O original é livre desde muito tempo. A tradução tem direito próprio e mais novo, e a confusão entre as duas coisas produz a maior parte dos problemas.

O raciocínio é direto. Um poema publicado em 1857 pode estar em domínio público enquanto a tradução brasileira dele, feita nos anos 1980, segue protegida por décadas. Copiar um poema traduzido para um site não é copiar Baudelaire, é copiar quem traduziu.

Como conferir: a folha de rosto traz o nome do tradutor e o ano da tradução. A conta é a mesma da lei brasileira, contada a partir da morte do tradutor, jamais a partir da morte do poeta.

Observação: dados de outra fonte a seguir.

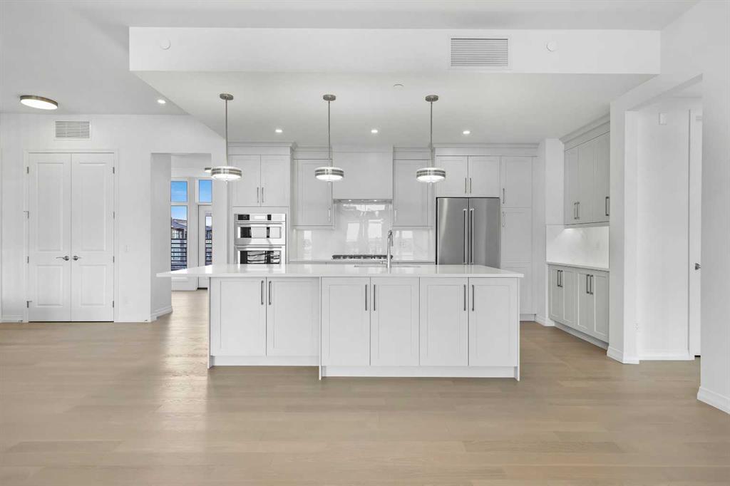 New Price Release — 10 Luxury Reflection Homes Just Completed, Ready for Immediate Occupancy! The Streams of Lake Mahogany present an elevated single-level lifestyle in our stunning Reflection Estate homes situated on the parkside of Mahogany Lake. Selected carefully from the best-selling, renowned Westman Village Community, you will discover THE CASCADE, a home crafted for the most discerning buyer, offering a curated space to enjoy and appreciate the hand-selected luxury of a resort-style lifestyle while providing a maintenance-free opportunity to lock and leave. Step into an expansive 1700+ builders sq ft stunning home overlooking a gorgeous greenspace adjacent to Mahogany Lake featuring a thoughtfully designed open floor plan inviting an abundance of natural daylight with soaring 10-foot ceilings and oversized windows. The centralized living area, ideal for entertaining, offers a Built-in KitchenAid sleek stainless steel package with French Door Refrigerator and internal ice maker and water dispenser, a 36″ gas cooktop, a dishwasher with a stainless steel interior, and a 30-inch wall oven with microwave; all nicely complemented by an Elevated Nordic Color Palette. All feature stunning Quartz countertops. You will enjoy two beautiful bedrooms and a generous central living area. The Primary Suite features a spacious 5-piece oasis-like ensuite with dual vanities, a large soaker tub, a stand-alone shower, and a generous walk-in closet. The Primary Suite and main living area step out to a 39 ft x 15 ft terrace with a lovely view of the greenspace. Yours to enjoy and soak in every single day. To complete the package, you have a sizeable office area adjacent to the spacious laundry room, and a double-attached heated garage with a full-width driveway. Custom additions to this home include under-cabinet lighting, an upgraded Moen plumbing fixture package, air conditioning, a convenient laundry room with a folding table, a stunning electric fireplace, and an expansive covered terrace with access from the Living Room, Dining Room, and owner’s suite. Jayman’s standard inclusions feature their trademark Core Performance, which includes Solar Panels, Built Green Canada Standard with an Energuide rating, UVC Ultraviolet light air purification system, high-efficiency heat pump for air conditioning, forced air fan coil hydronic heating system, active heat recovery ventilator, Navien-brand tankless hot water heater, triple pane windows and smart home technology solutions. Enjoy Calgary’s largest lake, with 21 more acres of beach area than any other community.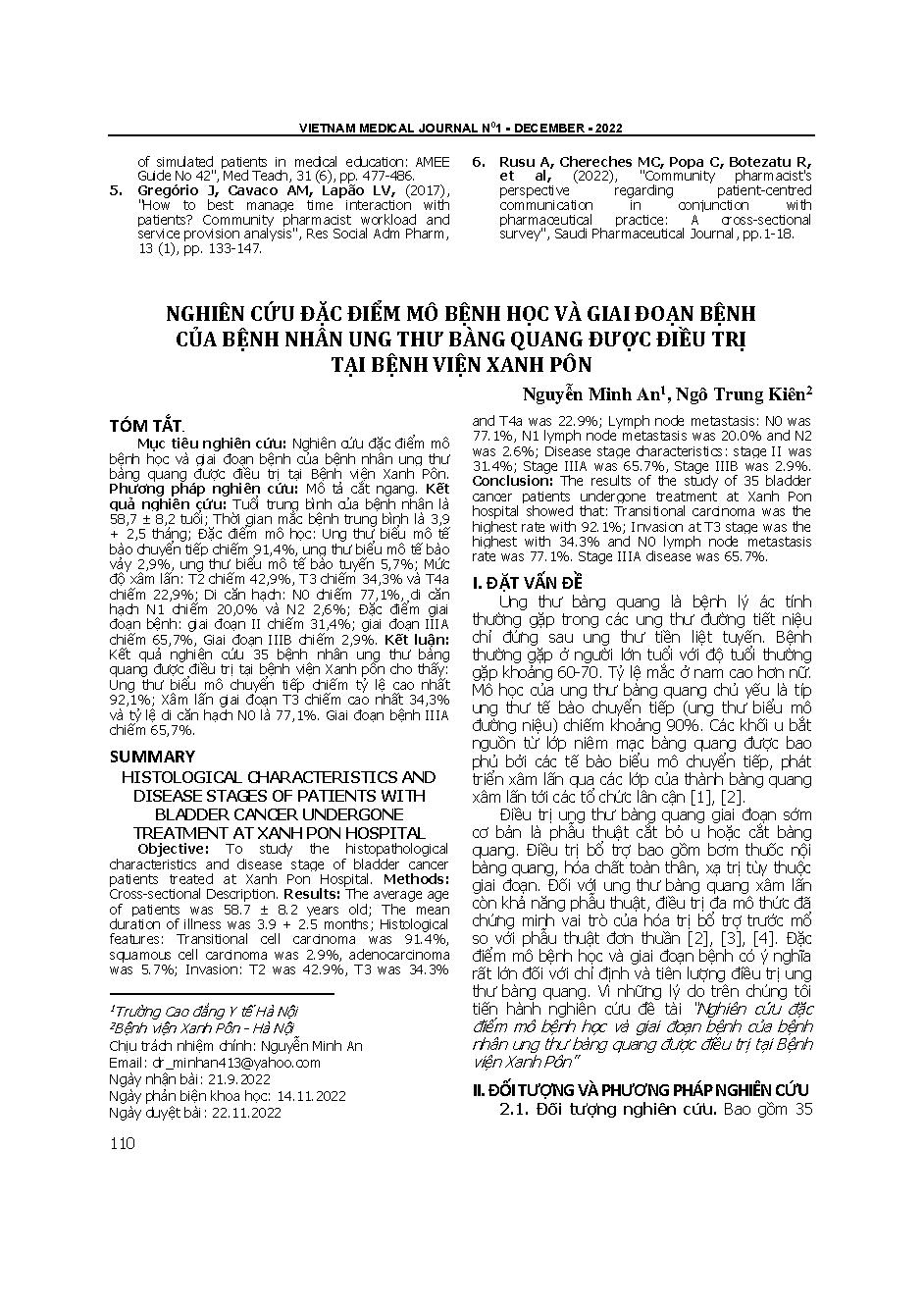 Nghiên cứu đặc điểm mô bệnh học và giai đoạn bệnh của bệnh nhân ung thư bàng quang được điều trị tại Bệnh viện Xanh Pôn = Histological characteristics and disease stages of patients with bladder cancer undergone treatment at Saint Paul hospital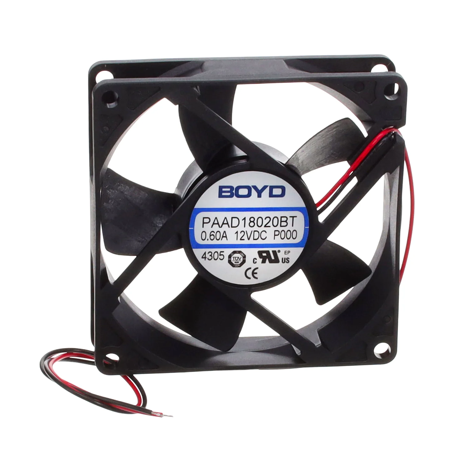 팬 튜브모양의 축 12VDC 정사각형 - 80mm L x 80mm H 볼 58.6 CFM(1.64m³/min) 2 와이어 리드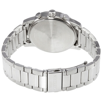 Stainless steel case with a stainless steel bracelet. Fixed stainless steel bezel. Blue dial with luminous silver-tone hands and alternating index and Arabic numeral hour markers. Minute markers around the outer rim. Dial Type: Analog. Luminescent hands and markers. Date display between the 4 and 5 o'clock positions. Chronograph - three sub-dials displaying: 60 second, 60 minute and 12 hour. Citizen caliber 0520 quartz movement. Scratch resistant mineral crystal. Solid case back. Round case shape. Case size: 42 mm. Case thickness: 10.55 mm. Band width: 22 mm. Fold over clasp with a push button release. Water resistant at 50 meters / 165 feet. Functions: chronograph, date, hour, minute, second. Dress watch style. Watch label: Japan Movt. Citizen Chronograph Quartz Blue Dial Men's Watch AN8050-51M.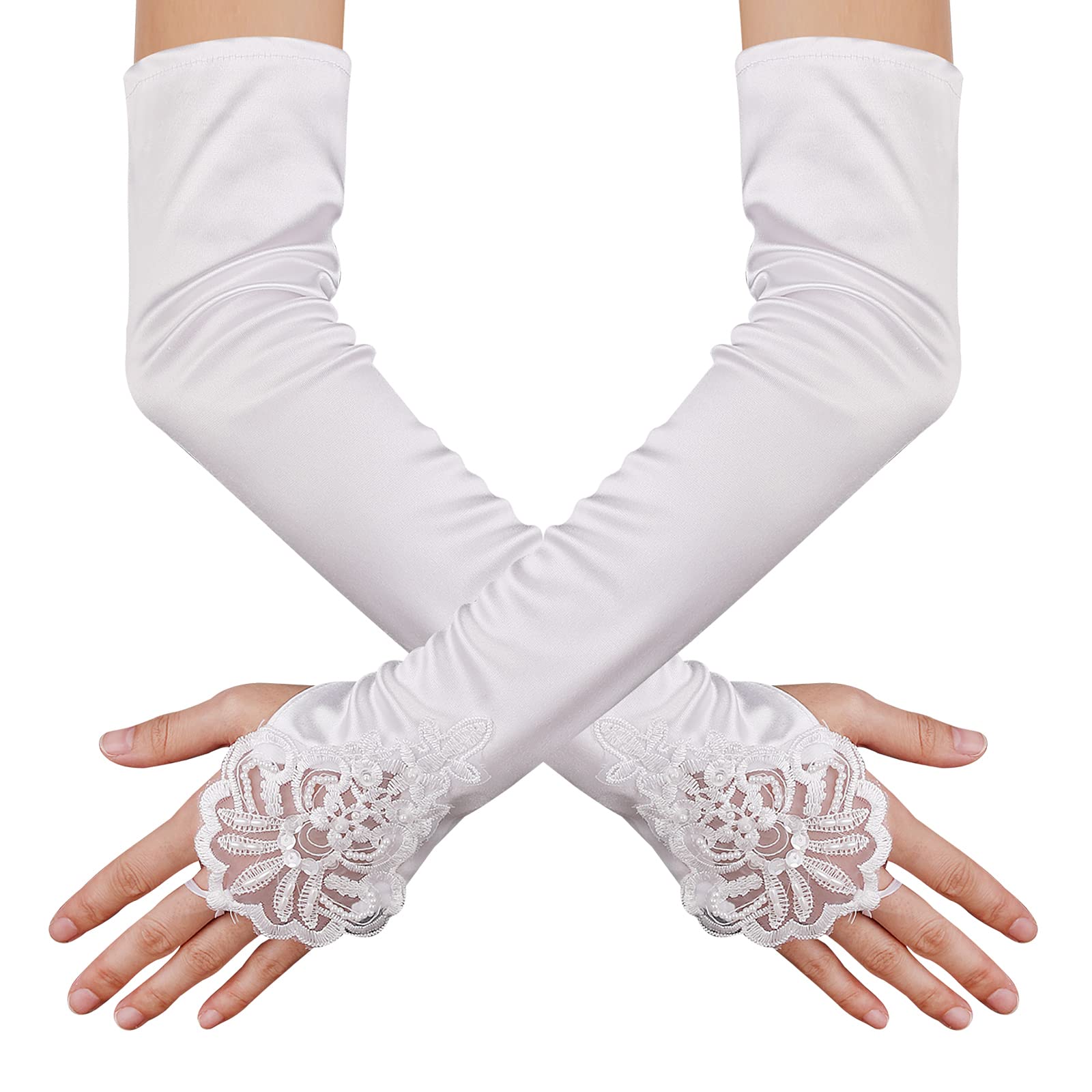 Women's Long Lace Opera Gloves Satin Wedding Bridal Gloves Bridal Dance Gloves Party Stretchy Elbow Length Gloves Fancy Dress Lace Opera Gloves 1920s Gloves for Christmas Halloween (White)
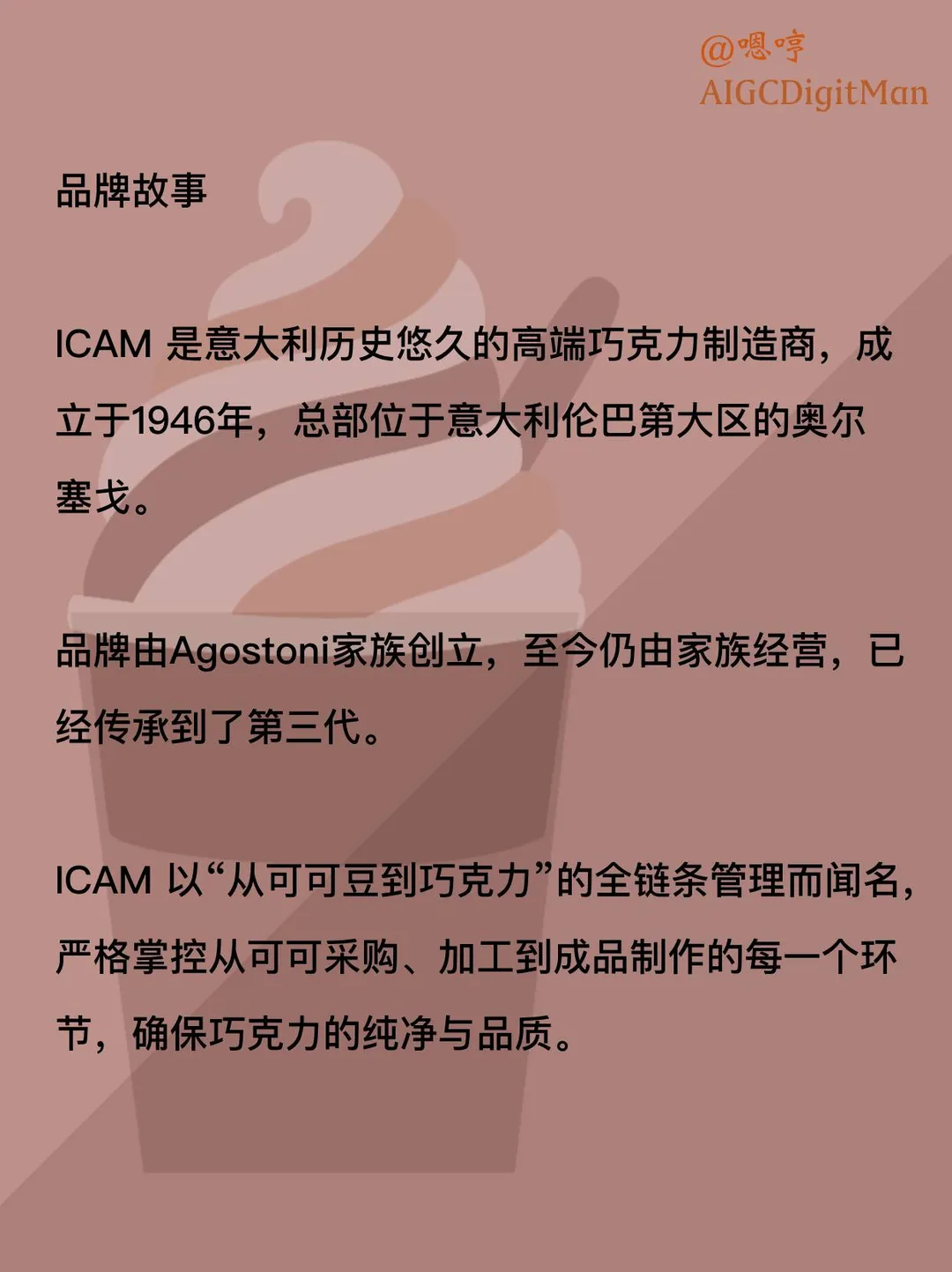 ICAM 是意大利历史悠久的高端巧克力制造商,成立于 1946 年,总部位于意大利伦巴第大区的奥尔塞戈。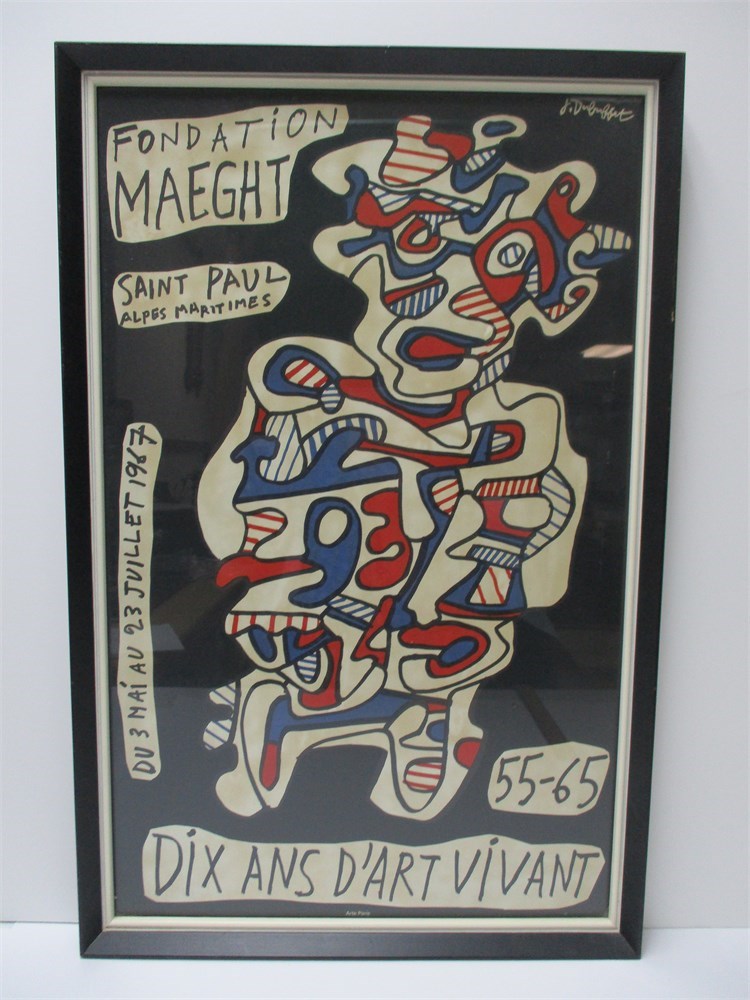 This is a fabulous framed Original Poster Paper, Published by Fondation Maeght", Saint-Paul Alpes Maritime, from May 30 July 23, 1967, "Ten Years of Living Art".  Designed  by Jean Dubuffet, French artist 1901-1985.  Wonderful colors, graphics, and condition !   Measures 16x25 and ready for hanging.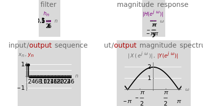 The three sets of controls let you vary the path of the input sequence. If you choose neither the upsampler nor the filter, the sequence goes through the system unchanged. You can also choose to show the effect of filtering alone on the input sequence. Likewise, the effect of upsampling alone on the input sequence can be shown. Choosing both the upsampler and the filter shows the effect of filtering an upsampled input sequence (this is done only for ). Input sequence/spectrum are shown in black, and the output sequence/spectrum in red. The top two graphics show the chosen half-band filter in purple (lowpass/highpass and the choice of Haar, Daubechies 4, Daubechies 6, and a simple symmetric pair) and its magnitude response. You can also choose to show the envelopes of the sequences.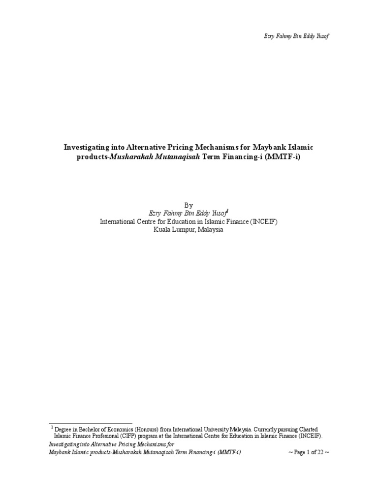 Investigating Into Alternative Pricing Mechanisms For Maybank Islamic Products Mmtf I Islamic Banking And Finance Interest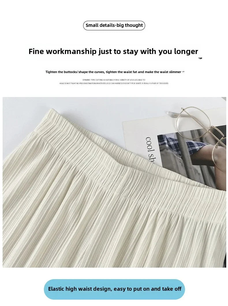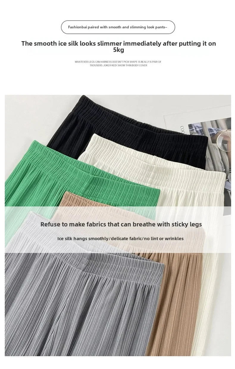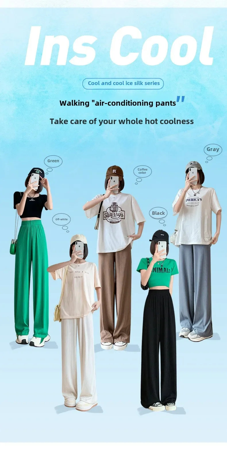 Korea Dongdaemun Ice Silk Wide-leg Pants Women's Thin Slimming Floor Pants White Striped Pants Y2K Fashion Pants Baggy

E quando a versão em português importa de verdade: os quatro poemas com o mesmo título ficam parecidos ou distintos conforme a decisão de quem traduziu. Ler duas traduções lado a lado mostra a decisão na cara, e é o exercício mais barato de leitura comparada que existe.

As citações desta página estão no francês original, que é livre, e o comentário em português ao lado é explicação de serviço, sem pretensão de substituir tradução literária nenhuma.

Numa calçada de cidade grande no fim da tarde a cena do albatroz acontece sem poema nenhum. Alguém para no meio do fluxo, olha para cima por qualquer motivo, e atrapalha a passagem de todo mundo até decidir para onde ia.